··· Data under study ···

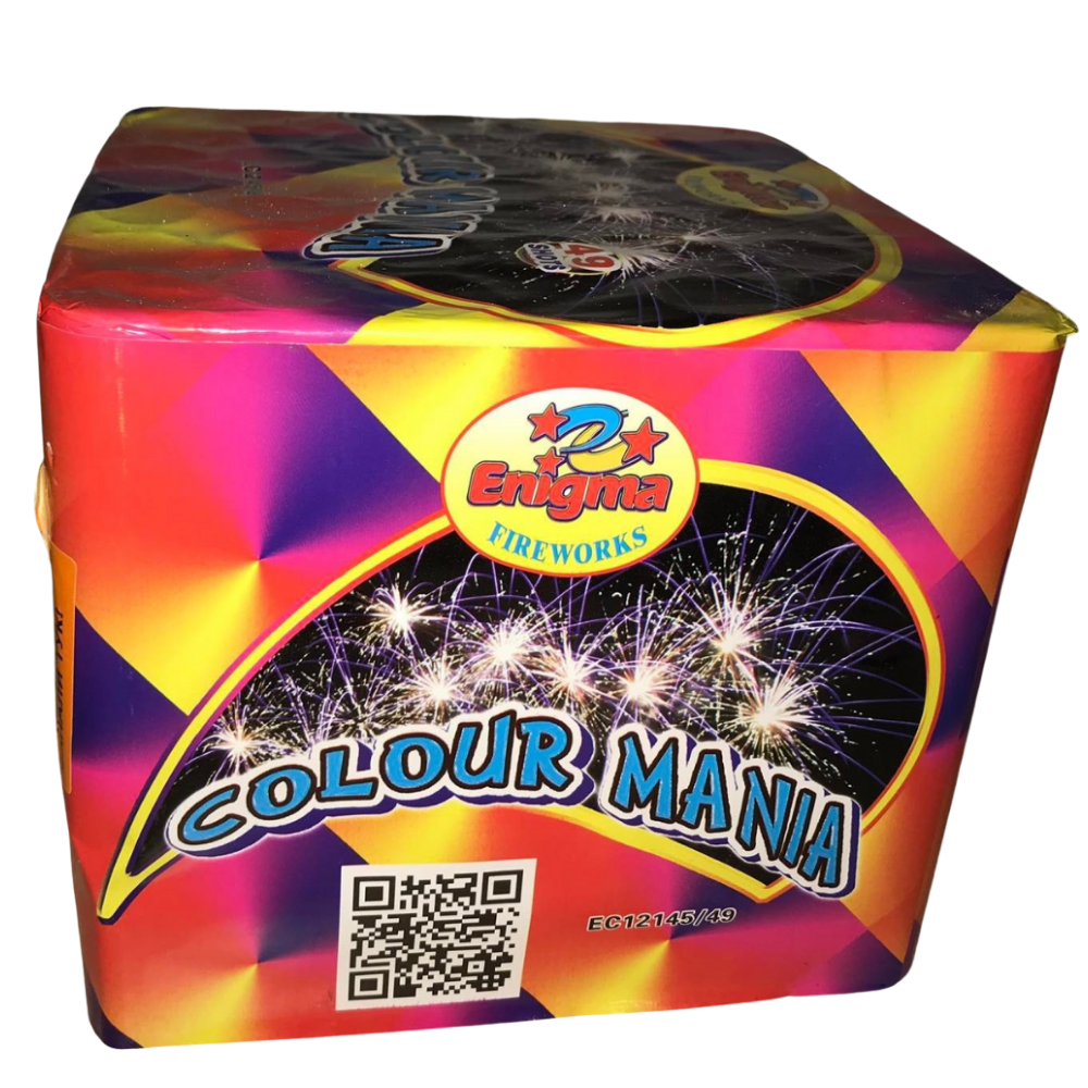 Kompaktný ohňostroj Colour Mania je sprevádzaný rôznymi viacfarebnými efektami. Tento ohňostroj vypáli do vzduchu 49 rán ráže 20 mm.
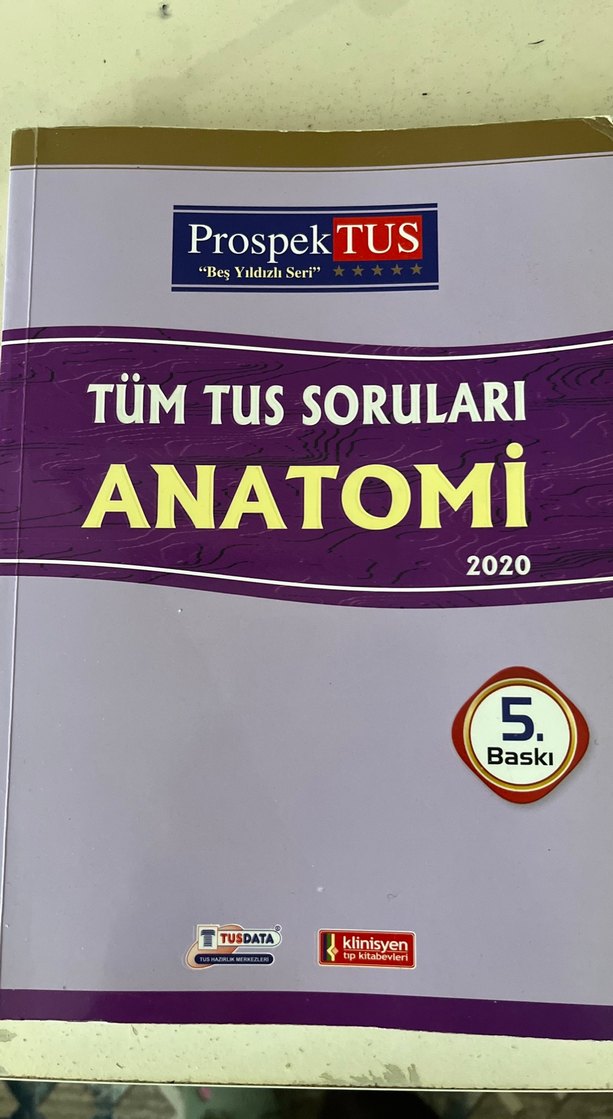 2020 tarihli ProspekTUS'un Beş Yıldızlı Serisi'nden Tüm TUS Soruları Anatomi kitabı, anatomi konusundaki soruları içerir. 5. baskıdır. Kitabın büyük kısmı boş. Bazı yerlerin altı çizili ve ufak notlar alınmış. Sorular görseldeki gibi işaretli değil.
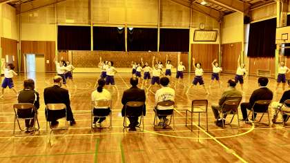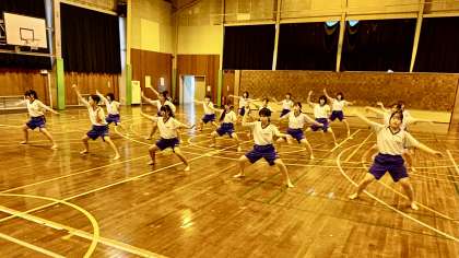 3年・体育・よさこい発表会 公開日 2024/11/22 更新日 2024/11/22 3学年 11月22日(金) 4限 3年1組の女子の体育は、体育館で、よさこい発表会を行いました。 たくさんの教職員が見守る中、円陣を組んで気合いを注入し、演技が始まりました。 かけ声、振り付けの統一感は練習の賜です。 特に、ラストの一体感は圧巻でした。(写真:下)
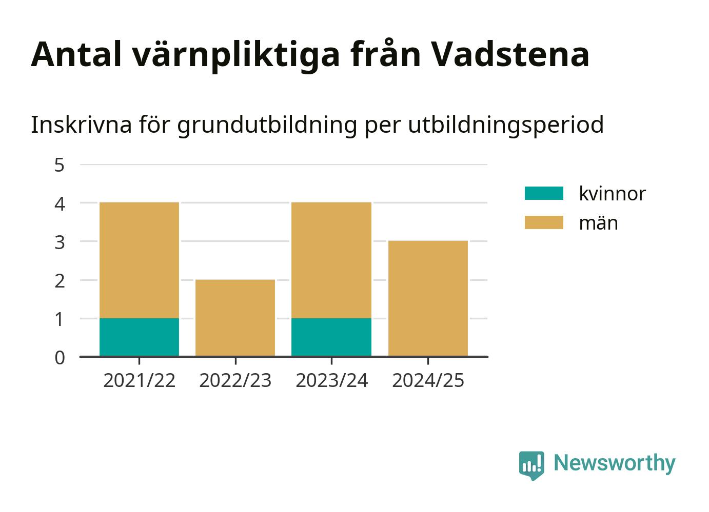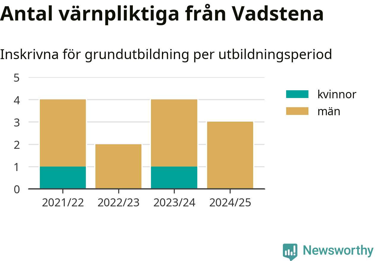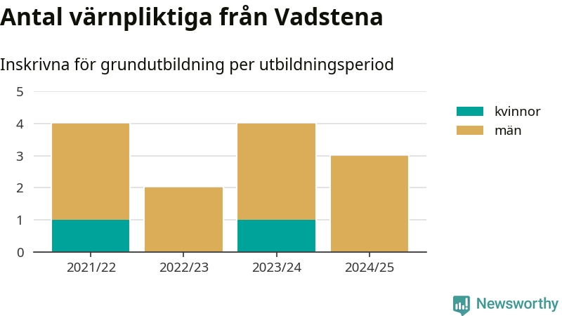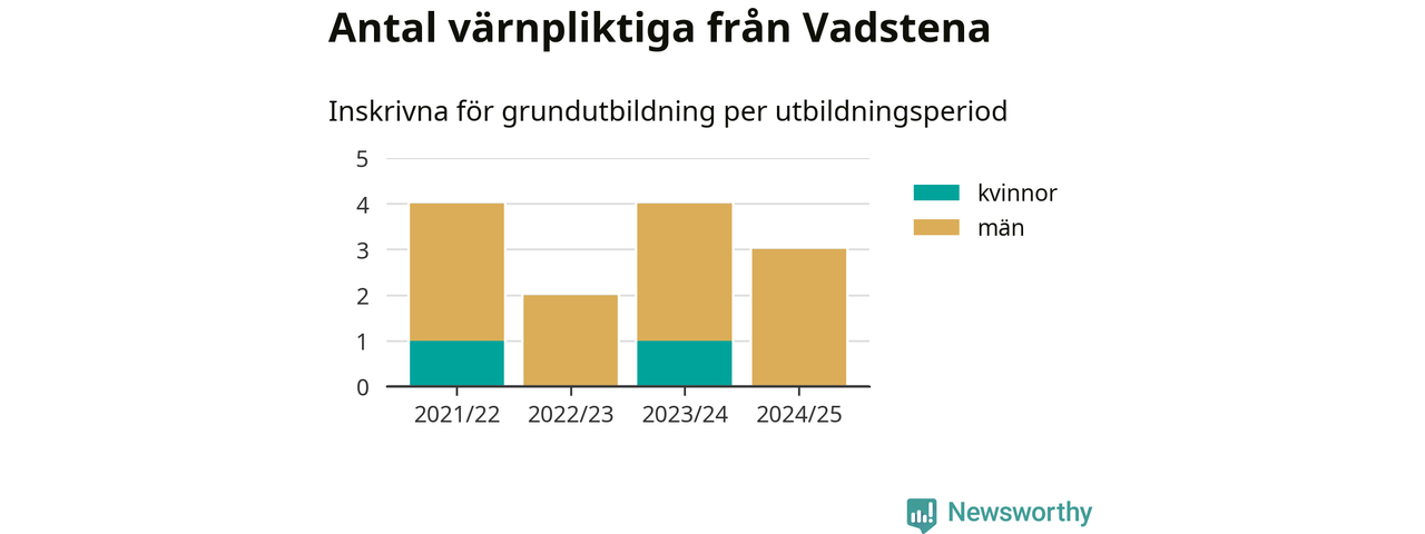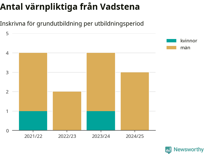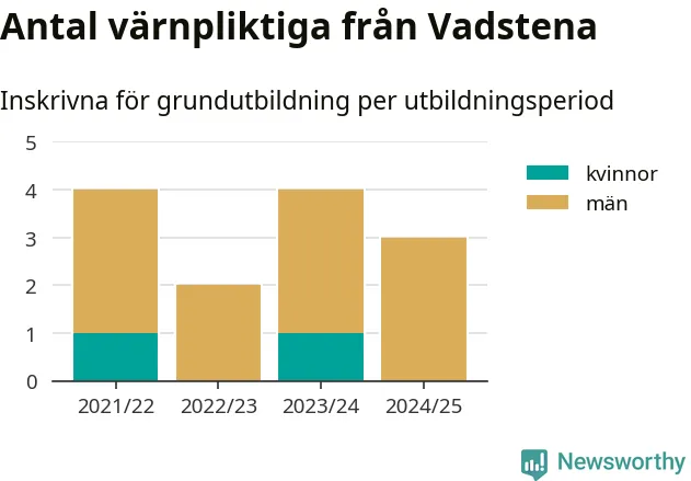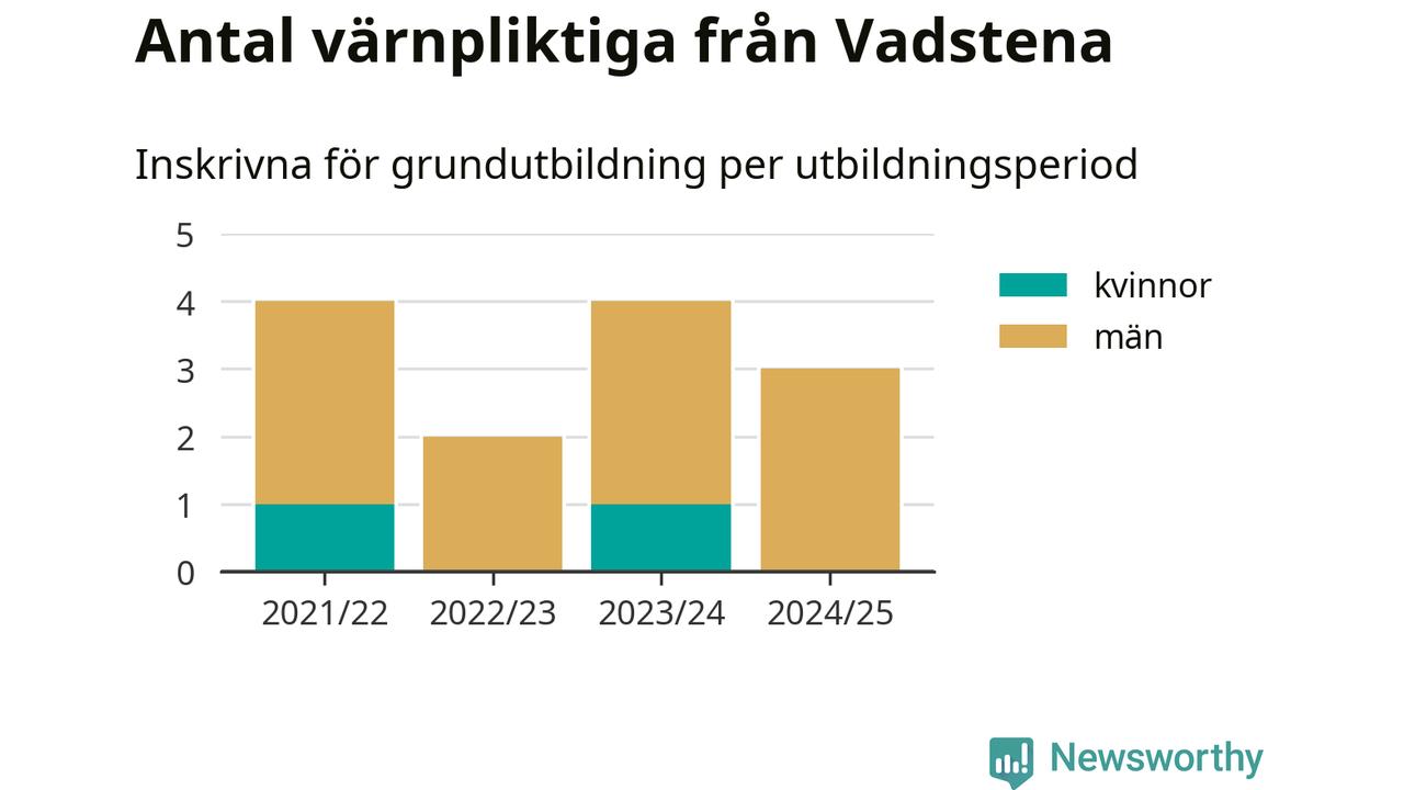 Tre värnpliktiga från Vadstena har skrivits in för att göra lumpen under innevarande utbildningsperiod, som sträcker sig från juni 2024 till och med första halvåret 2025. Det är ett färre än året innan. Den allmänna värnplikten återinfördes 2018 och vi har siffror nedbrutna på kommunnivå sedan 2021/22. Som mest har fyra personer från Vadstena skrivits in, utbildningsperioderna 2021/22 och 2023/24.
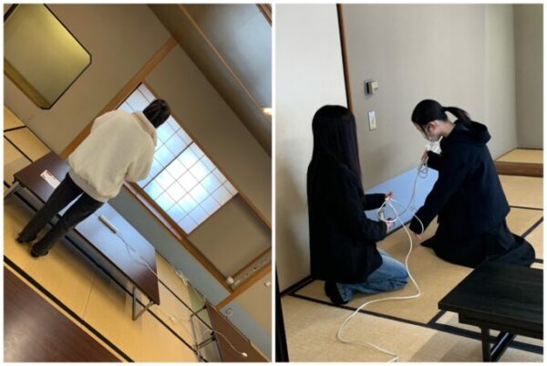 今回はキャンパスから徒歩5分の場所にある『岐阜市文化センター』の茶室付和室で行いました。しめ縄作りにぴったりの会場ですね😉
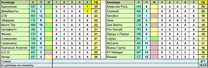 Лучшая команда тура по сумме УВ в целом: Барселона –25 вариантов

···

§ Assignment: Without including any pictures, repeat the records above exactly.

§ Written reply:
 Kompaktný ohňostroj Colour Mania je sprevádzaný rôznymi viacfarebnými efektami. Tento ohňostroj vypáli do vzduchu 49 rán ráže 20 mm.
 2020 tarihli ProspekTUS'un Beş Yıldızlı Serisi'nden Tüm TUS Soruları Anatomi kitabı, anatomi konusundaki soruları içerir. 5. baskıdır. Kitabın büyük kısmı boş. Bazı yerlerin altı çizili ve ufak notlar alınmış. Sorular görseldeki gibi işaretli değil.
 3年・体育・よさこい発表会 公開日 2024/11/22 更新日 2024/11/22 3学年 11月22日(金) 4限 3年1組の女子の体育は、体育館で、よさこい発表会を行いました。 たくさんの教職員が見守る中、円陣を組んで気合いを注入し、演技が始まりました。 かけ声、振り付けの統一感は練習の賜です。 特に、ラストの一体感は圧巻でした。(写真:下)
 Tre värnpliktiga från Vadstena har skrivits in för att göra lumpen under innevarande utbildningsperiod, som sträcker sig från juni 2024 till och med första halvåret 2025. Det är ett färre än året innan. Den allmänna värnplikten återinfördes 2018 och vi har siffror nedbrutna på kommunnivå sedan 2021/22. Som mest har fyra personer från Vadstena skrivits in, utbildningsperioderna 2021/22 och 2023/24.
 今回はキャンパスから徒歩5分の場所にある『岐阜市文化センター』の茶室付和室で行いました。しめ縄作りにぴったりの会場ですね😉
 Лучшая команда тура по сумме УВ в целом: Барселона –25 вариантов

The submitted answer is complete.